Isse subsequently was the Deputy Director General and then CEO and President of the Commercial Savings Bank of Somalia between 1976 and 1981.

In the 1981-88 period, Isse acted as the Deputy Governor of the Central Bank of Somalia. He helped the then Governor establish and formulate the monetary authority's policies and strategies.

From 2006 to 2010, Isse was Governor of the Central Bank of Somalia during the Transitional Federal Government (TFG) under President Abdullahi Yusuf Ahmed. Isse was largely responsible for re-establishing the Bank after it had closed down during the civil war. He later resigned from the post after disagreements between TFG Finance Minister Sharif Hassan Sheikh Aden and TFG President Sharif Sheikh Ahmed's administration over the printing of new banknotes.

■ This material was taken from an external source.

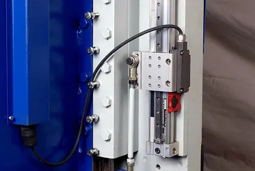 The high precision Imported Linear Scales are fitted on the Steel Frame attached to Machine Bed and it is independent of the side frame. This steel frame supports the sensors which takes positional readings directly from the Ram on the centre line of the Main Pressure Cylinder. The Scales are Self Aligned type fitted with Bearings which always give correct Position of the Upper Tool with respect to Lower Tool. These Scales are mounted on both sides of the CNC Synchro Hydraulic Press Brakes Machine in combination with the Y1 and Y2 axes control, thereby providing accurate synchronization between the Cylinders to 0.01 mm.
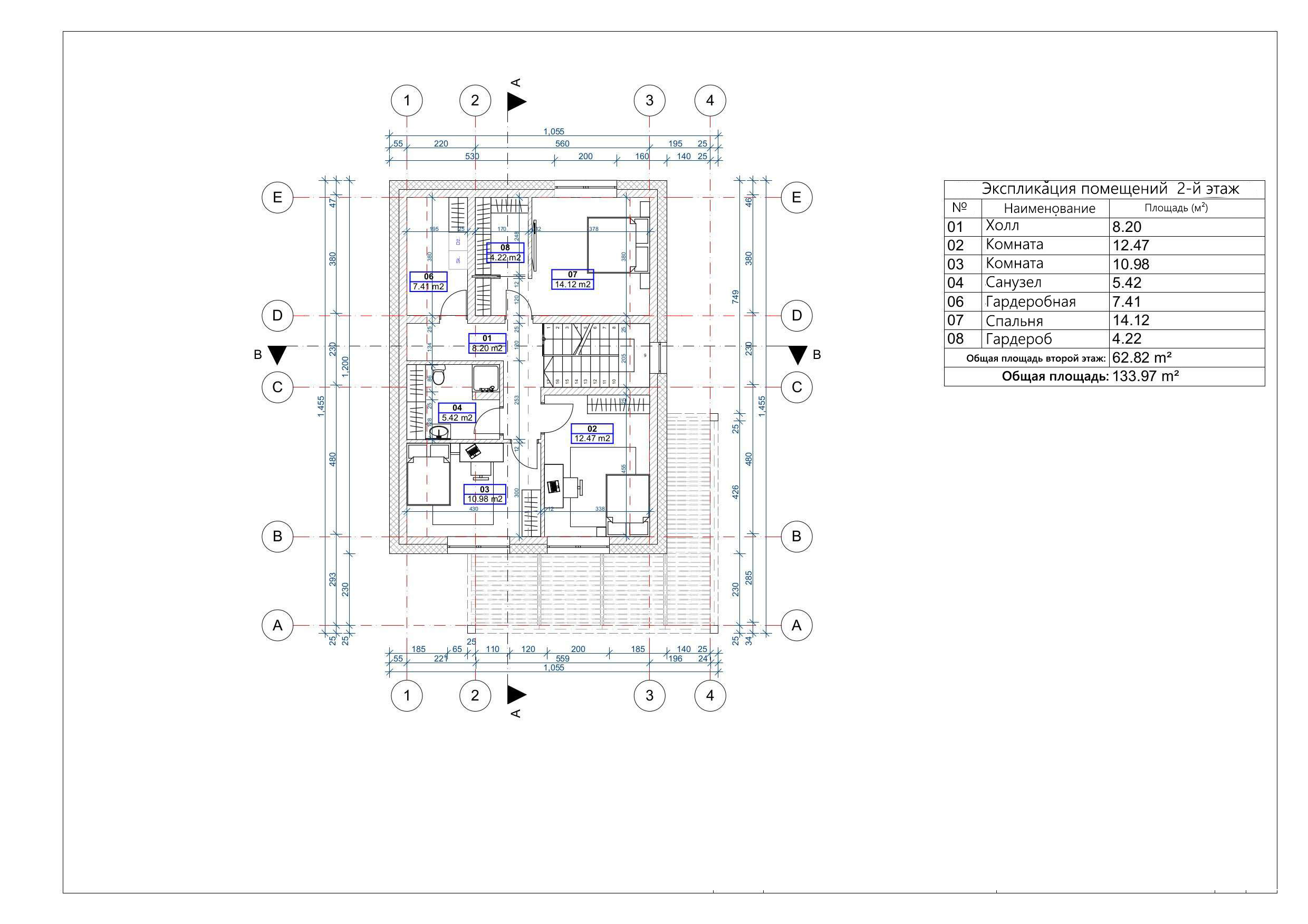 - Общая площадь второй этаж 62,82 м²

==Central Bank of Somalia==
On 27 November 2013, Isse was re-appointed on an interim basis as Somalia's Central Bank Governor, following the resignation of his predecessor Yussur A.F. Abrar earlier in the month. According to incumbent Finance Minister Mohamud Hassan Suleiman, Isse's appointment came a day after Federal Government of Somalia President Hassan Sheikh Mohamud met with international donor representatives in Mogadishu to discuss a temporary replacement at the position. The Council of Ministers later endorsed the selection on 28 November. On 24 April 2014, the federal Cabinet approved Isse as the new permanent Governor of the Central Bank of Somalia. Maryan Abdullahi Yusuf was also named his new Deputy Governor.